Working data section start
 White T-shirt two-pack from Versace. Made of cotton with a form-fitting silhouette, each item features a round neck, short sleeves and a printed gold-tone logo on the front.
Working data section end
Working data section start
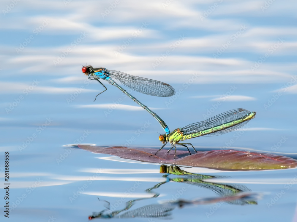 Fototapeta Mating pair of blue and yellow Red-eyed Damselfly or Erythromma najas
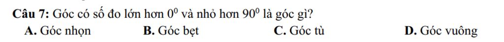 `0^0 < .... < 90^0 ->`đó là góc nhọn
Working data section end
Working data section start
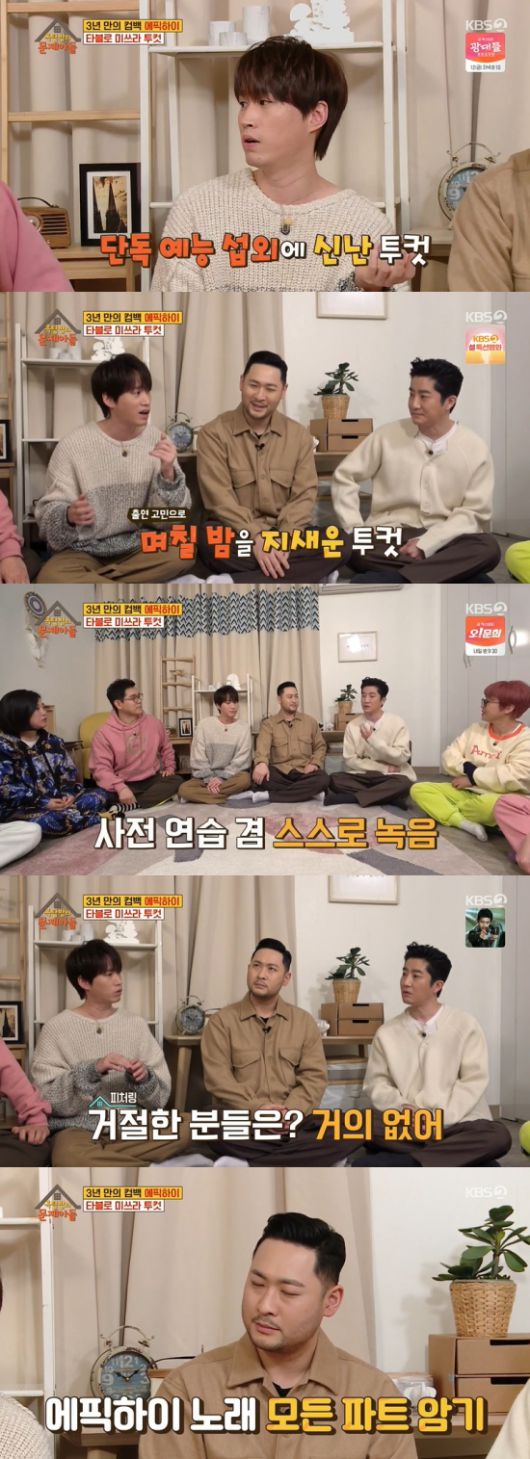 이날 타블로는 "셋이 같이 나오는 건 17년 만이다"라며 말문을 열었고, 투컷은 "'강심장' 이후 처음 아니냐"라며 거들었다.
Working data section end
* Exercise directions *
How would the lines above read from the one with "Fototapeta Mating pair" to the one with "là góc nhọn", inclusive, with no pictures? Write them out exactly.

* Task output *
 Fototapeta Mating pair of blue and yellow Red-eyed Damselfly or Erythromma najas
 `0^0 < .... < 90^0 ->`đó là góc nhọn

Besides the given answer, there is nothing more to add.